Why do kindergarten children bite?Whether you have to worry about biting your kindergarten child depends very much on the age and development of the child. Sometimes it's just a phase.
If an infant who is still younger than two years bites, it is still ""age-appropriate behavior."" A two-year-old child can not yet understand that it hurts someone else. It does not learn until the third year of life. In this time, the biting will usually stop by itself.
At least at kindergarten age, healthy children can put themselves in someone else's heart and empathize with others. They know that biting hurts. Since it can be extremely painful and even cause serious injury, you should not tolerate it.
Should it happen, you need to react immediately, preferably with a break. To do this, talk to your child plain text: ""Biting is absolutely not alright. That hurts. I will not tolerate that! ""
Help the victim!
The bitten child may need medical help as well as understanding and comfort. So, see if the wound needs to be taken care of!
Talk about what happened!
When both children have calmed down, you can choose a favorable moment to practice a better solution. You may ask, ""What are you doing if you do not want Lena to play with your car? ""And:"" What do you say to your governess when another child was mean to you? ""Practice simple role-playing games:"" I'm Tom from kindergarten now and take your teddy away. What can you do? "". Her child learns sentences that she can use later: ""No, I do not want that. """" Give me that back! "" ""Leave me alone! ""Many kindergarten children bite just once, then get shown how to handle it differently and never do it again.
Never bite back!
Some parents believe that biting back would show your child how much it hurts. In fact, it only shows your child the wrong way to deal with aggression - that is, to be just as aggressive. Even if parents do not really bite firmly, this can keep their child biting.
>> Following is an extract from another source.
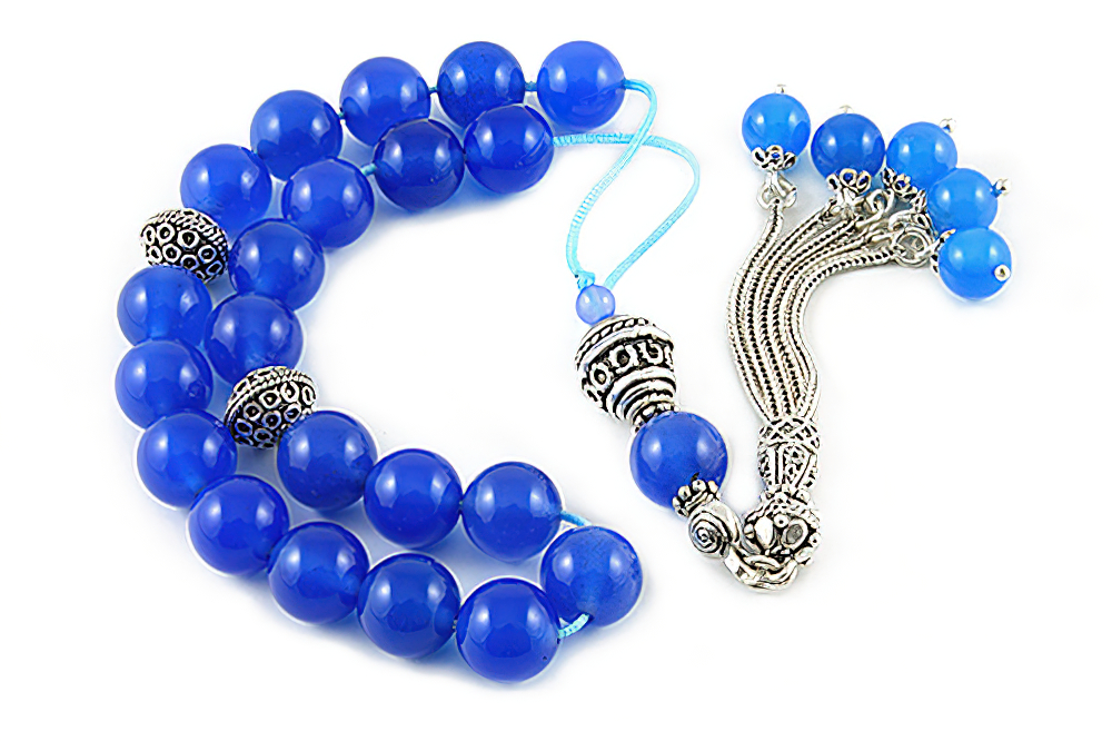 Handcrafted of 21 high grade genuine blue agate beads, two silver seperator beads, handle and tassel. Free of Charge Worldwide Delivery. All our products are supplied in a Stylish Jewelry Gift Box.

So do not bite your child - not even in fun!
Encourage your child to come to you when it's sad or angry!
You can not always be with your child - for example, not in kindergarten, when it may experience difficult days there - and it should therefore learn that adults can ask for help.Also tell him that it can always come to you when something is difficult or when it is sad. Take your time and listen carefully to your little one!
Talk to the kindergarten teacher!
You should know the environment in which your child spends his time. Are the educators engaging in aggressive behavior (whether it's biting, hitting, or constantly teasing)? And what do you do then? You should not leave your child anywhere where the motto is: here is the right of the fittest.
Ask specifically: How does the educator react to biting or other aggressive behavior? This has two advantages: First, kindergarten teachers often have good solutions to behavioral problems - tips that you can also try at home. And secondly, find out if the measures of the kindergarten on aggressive behavior meet your expectations.